You may remember my friend Yuka, who showed me round the pattern cutting room at her work. Apart from working in London’s fashion industry Yuka is also a qualified Japanese chef. I know this is a sewing blog, but it was such fun, I just wanted to share the experience.
Yuka kindly offered to come round to show us how to make
- sushi
- Nigiri sushi
- Hosomaki
- Temaki
- Yakitori
- Salads
This was a family event no-one wanted to miss so we gathered and waited for Yuka to arrive with some rice she had prepared earlier, lots of raw fish, chicken and fresh vegetables. My friend Meddie came too as she loves Japanese food.
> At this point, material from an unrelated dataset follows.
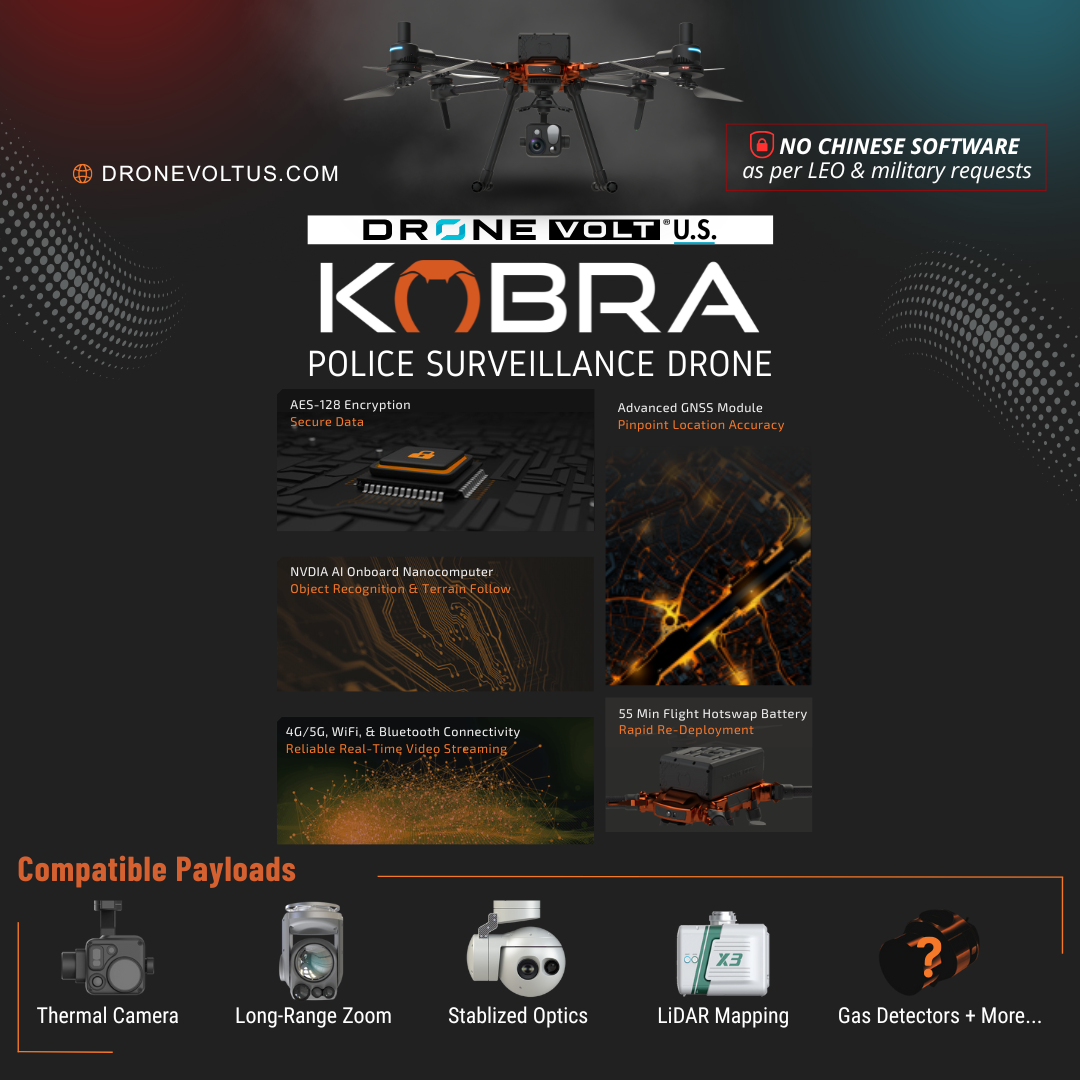 In high-stakes moments, real-time aerial intelligence isn't just helpful—it's critical. The Kobra by Drone Volt U.S. is a cutting-edge surveillance drone built for law enforcement, featuring rapid deployment, AI-powered object recognition, and adaptable payloads—from LiDAR to thermal imaging—for mission success across any scenario. Designed to enhance officer safety and operational awareness, it offers encrypted comms (no Chinese software) modular configurations, and up to 55 minutes of flight time with hot-swappable batteries. When every second counts, the Kobra delivers—fast, flexible, and secure. Discover its mission-ready features now.

The salad contained radish, carrot, raw asparagus, gogi berries, salted peanuts, and some crisp fried pastry. It had a gorgeous dressing made from sesame oil, soya sauce, and mirin. The salad tasted very fresh – slightly sweet, and very crunchy.
The key with sushi is not to use too much rice and to use big pieces of fresh fish to drape over the rice base. You have to make your hands damp but not too wet, and create a shaped piece of rice with a curved back. We put sea bream, tuna, salmon, raw prawn and scallops on to the rice, which we ate later with pickled ginger and soya sauce. To distinguish between two or three whitish fish Yuka showed us how to snip a ribbon on seaweed to wrap around the fish slices.
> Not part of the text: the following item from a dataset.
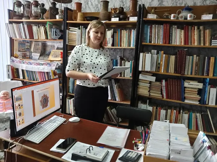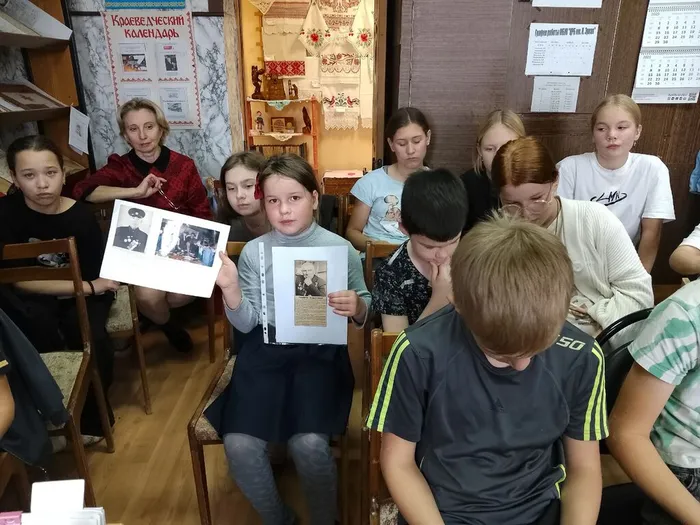 В качестве наглядного материала аудитории были представлены орденские книжки Д.В. Борисова и фотографии, хранящиеся в музее центральной библиотеки.

The Nigiri sushi was the most challenging as it has to be rolled with a bamboo mat. The sheet of Nori seaweed has a layer of rice (again, not too much rice) put on it, then a long piece of salmon or cucumber, before it is rolled up and sliced into four pieces with a sharp knife. We all found this fairly difficult, with the tall skinny people making tall skinny sushi, and the petite people making little neat pieces.
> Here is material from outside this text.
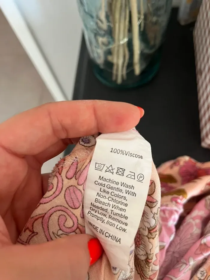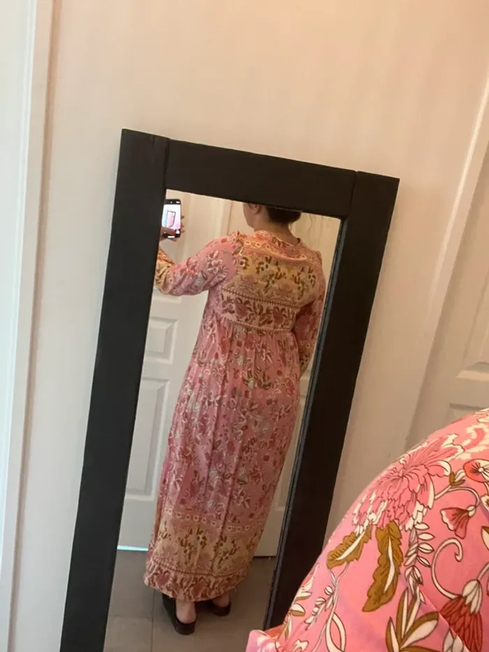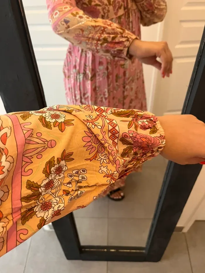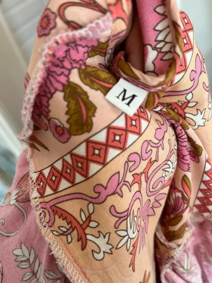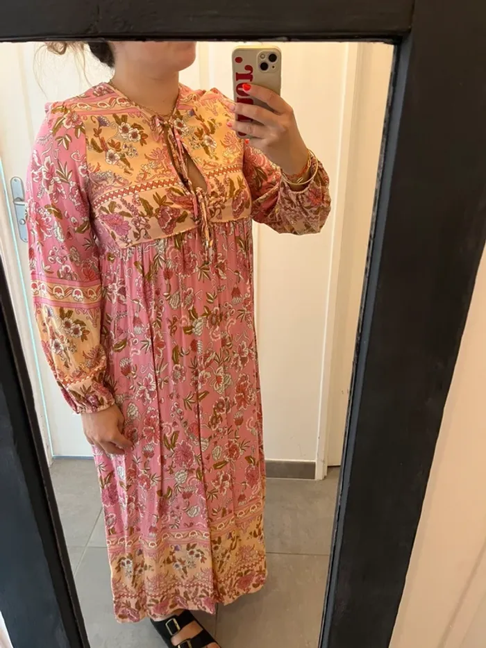 Robe longue très jolie avec des noeuds ah niveaux de la poitrine pour fermer comme vous le souhaitez la robe Assez fluide rose avec des fleurs pratiquement neuve porté 1 fois taille M

Nick brought out his very special Japanese knife for the occasion (a kind gift from Batool).
The hosomaki are hand wrapped cones containing raw squid, mackerel, salmon, spring onions, herbs, ginger, tuna or whatever you fancy. Here Meddie concentrates as she tries to get the sticky rice to adhere to the seaweed wrapper.The Nori seaweed is crisp and rather brittle before the rice is put on it. Some of the moisture comes out of the rice and the seaweed sheet softens. the background you can see Nick making faux Cinnabons which we ate as our pudding.
Then after two hours we finally laid out all our work, (Meddie using up the last portion of rice with a final maki roll), surveyed it with great satisfaction and ate it all up. Well not all of it. Everyone went home with a selection of left overs, and a couple of Cinnabons for their tea. We were as stuffed as the Nigiri.
As an all-ages activity I cannot think of anything more fun than cooking a meal together. Yuka was great – she choose just the right dishes we could make in the time, she brought all the ingredients we needed and she distributed the work so all of us had a go at everything. We all learned some new skills, worked together as a team and enjoyed a very special meal. We are tempted to do it again with another cuisine. Meddie kindly offered to show us the basics of Chinese cookery.
Stephanie
Wow…you guys have so much fun! I taught myself to make sushi years ago. I haven’t made it in a long time, but the thing I always found most difficult was getting the rice exactly right – not too sticky, but sticky enough; not too wet; and not too loaded with vinegar. I’m sure there’s a perfect recipe out there. I must try again this summer. Lovely photos. 🙂
fabrickated
Of course you are right. The rice is key to getting the whole thing to work. Yuka brought a beautiful wooden bowl full of still warm rice for us to work with.
Joyce Latham
Wonderful. Thanks for sharing those photographs! Fun fun fun
Joyce ??
mrsmole
It’s only morning and I am drooling over my keyboard!!!!!